政策金利引き上げで高まる
債券の含み損の拡大圧力

 図表2では、株式・債券・その他の内訳別の含み損益を表示した。一覧すればすぐに分かるとおり、株式はほぼ黒字、それに対し債券はほぼ赤字となっている。

 債券には、国が発行する国債、県や市などが発行する地方債、事業者などが発行する社債が含まれる。株式や不動産同様に、さまざまな要因によって時価が変動し続ける。代表的な変動要因には信用不安が挙げられ、税収や売り上げなどが伸び悩んだことで元利金が支払われなくなって被害を受ける危険を信用リスクと呼ぶ。

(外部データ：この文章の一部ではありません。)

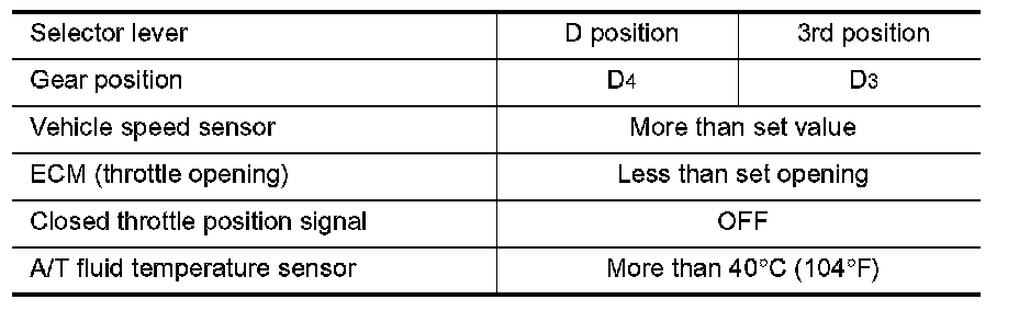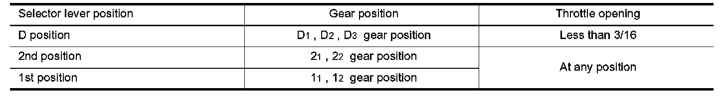 ^ The line pressure is reduced below 60°C (140°F) to prevent shifting shock due to low viscosity of automatic transmission fluid when temperature is low.
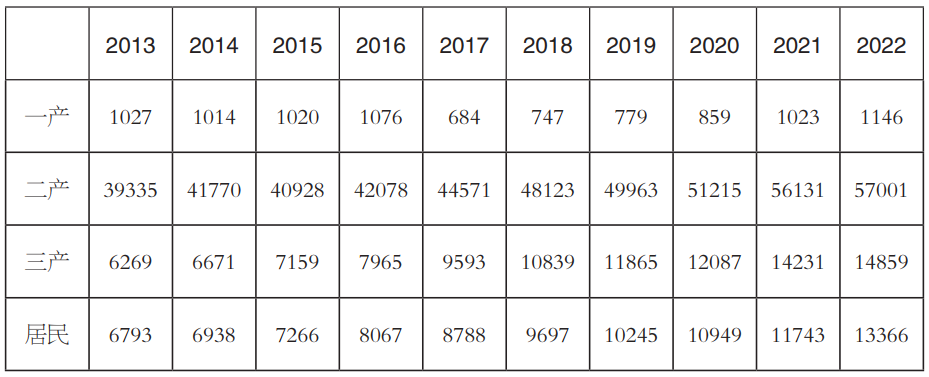 表1 2013—2022年分產業(yè)用電量(單位:億千瓦時)

 それ以外の変動要因には、金利が挙げられる。債券に投資する投資家は、金融財産として債券を選択・投資するため。少しでも高い金利の債券を選ぶ力が働く。一方、債券を発行して資金を調達する発行体側には、金利負担を軽減するべく少しでも低い金利で発行しようとする力が働く。従って、債券の発行利率は、発行時の金利動向にも左右される。

 期間10年の市場における金利が年1%だった時点で、期間10年利率年2%の固定金利で発行した債券が、発行直後に期間10年の市場金利が年2%に上昇した例をもとに、ごく簡単に説明したい。債券金利の2%と市場金利の1%の差の1ポイント分は、元利金が償還されない信用リスク(「リスク・プレミアム」と呼ばれる)分と考えられる。

 投資後に金利が上昇して2%になれば、「無事に元利金が支払われないかも知れない」という危険を冒さなくとも、市場取引だけで2%が受け取れることになる。よって投資家にとっては、発行済みの債券の魅力が下がるため、時価も下落する。

 それとは逆に、発行直後に市場金利が低下して期間10年の金利が年0%になれば、「無事に償還されない(可能性)」という危険は同一ながら、受け取れるポイントのうまみが相対的に高まる。発行時と同一のリスク・プレミアムならば、金利低下後の債券の利率は年1%になるからだ。それゆえに、2%と0%の差の2ポイント分が受け取れるだけ発行済み債券の価値が高まるため、時価も上昇する。

 つまるところ、金利と固定金利型債券の時価は、金利が上昇すれば時価が下落する逆相関の関係にある。24年3月の日本銀行(日銀)のマイナス金利政策解除・金融政策正常化つまり金利の引き上げは、地銀・第二地銀の保有する債券の時価を大きく引き下げる効果をもたらしたことに他ならない。

 地銀・第二地銀が債券に含み損を抱える理由は、債券に投資を行っているからだ。この背景には、投資に伴う負担がある。